International Trade Data#

Tools for working with the international trade dataset from the Harvard Growth Lab.

hiveplotlib.datasets.international_trade.international_trade_data(year: int = 2019, hs92_code: int = 8112, path: str | Path | None = None) Tuple[DataFrame, Dict]#

Read in international trade data network from the Harvard Growth Lab.

Note

Only a limited number of subsets of the data are shipped with hiveplotlib, as each year of trade data is roughly 300mb. However, the raw data are available at the Harvard Growth Lab’s website, and the runner to produce the necessary files to use this reader function is available in the repository (make_trade_network_dataset.py).

If you are using the runner to make your own trade datasets that you will read in locally with this function, then you will need to specify the local path accordingly.

Parameters:
  • year – which year of data to pull. If the year of data is not available, an error will be raised.
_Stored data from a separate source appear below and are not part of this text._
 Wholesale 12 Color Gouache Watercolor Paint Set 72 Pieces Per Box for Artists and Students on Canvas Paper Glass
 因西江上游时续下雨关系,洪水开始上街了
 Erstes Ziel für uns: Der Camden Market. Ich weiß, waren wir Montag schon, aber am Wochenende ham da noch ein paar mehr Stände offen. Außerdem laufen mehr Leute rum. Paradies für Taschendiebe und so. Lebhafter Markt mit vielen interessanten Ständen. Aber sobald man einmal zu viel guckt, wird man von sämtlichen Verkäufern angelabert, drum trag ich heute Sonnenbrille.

  • hs92_code – which HS 92 code of export data to pull. If the code requested is not available, an error will be raised. There are different numbers of digits (e.g. 2, 4), where more digits leads to more specificity of trade group. For a reference to what trade groups these codes correspond to, see this resource.
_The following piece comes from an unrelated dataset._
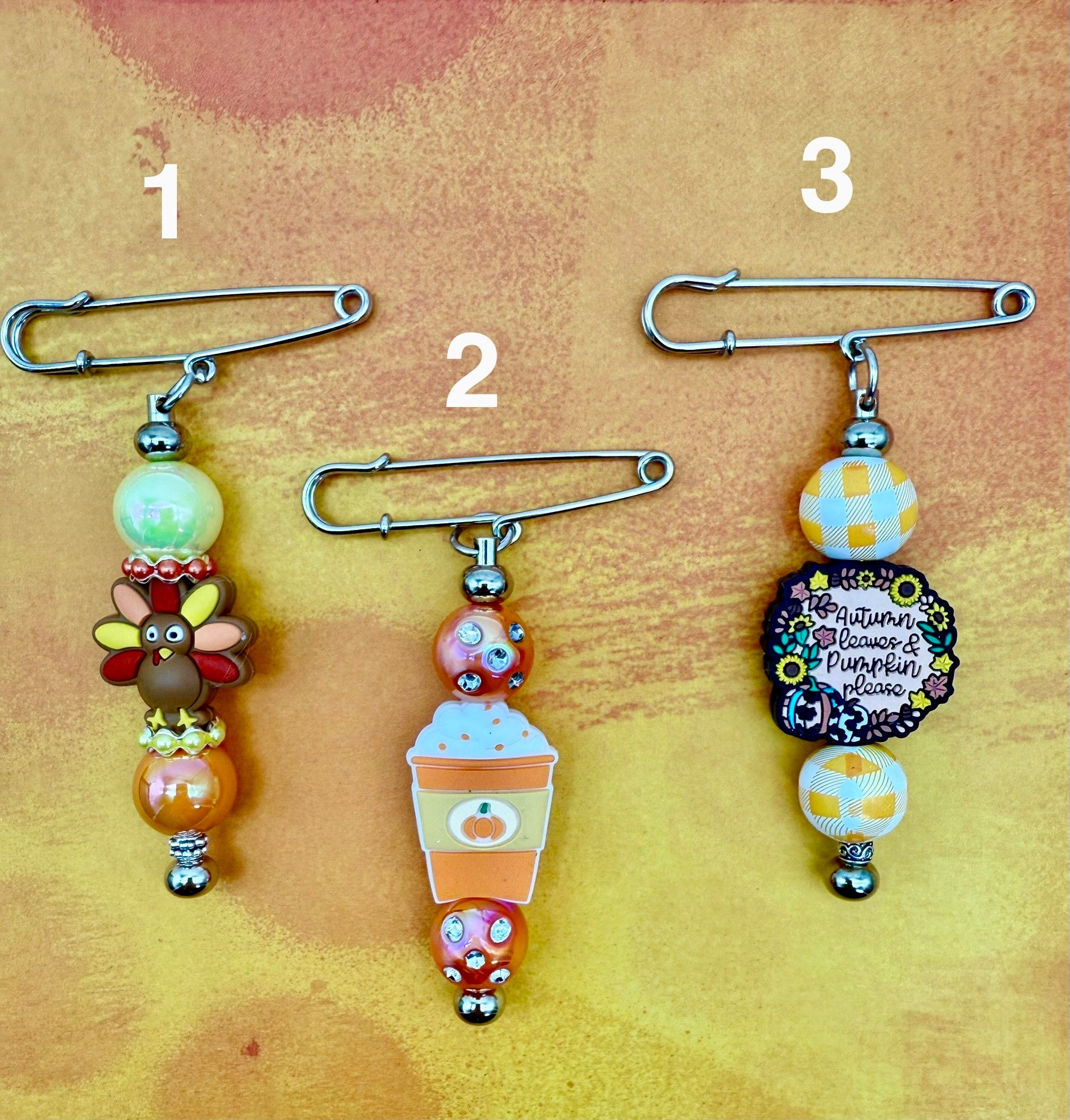 Fall/Thanksgiving theme featuring on our newest item:  beaded safety pin brooches. Bead bar drop 3”.

  • path – directory containing both the data and metadata for loading. Default None assumes you are using one of the datasets shipped with hiveplotlib. If you are using the make_trade_network_dataset.py runner discussed above to make your own datasets, then you will need to specify the path to the directory where you saved both the data and metadata files (which must be in the same directory).

Returns:

pandas.DataFrame of trade data, dictionary of metadata explaining meaning of data’s columns, data provenance, citations, etc.

Raises:

AssertionError if the requested files cannot be found.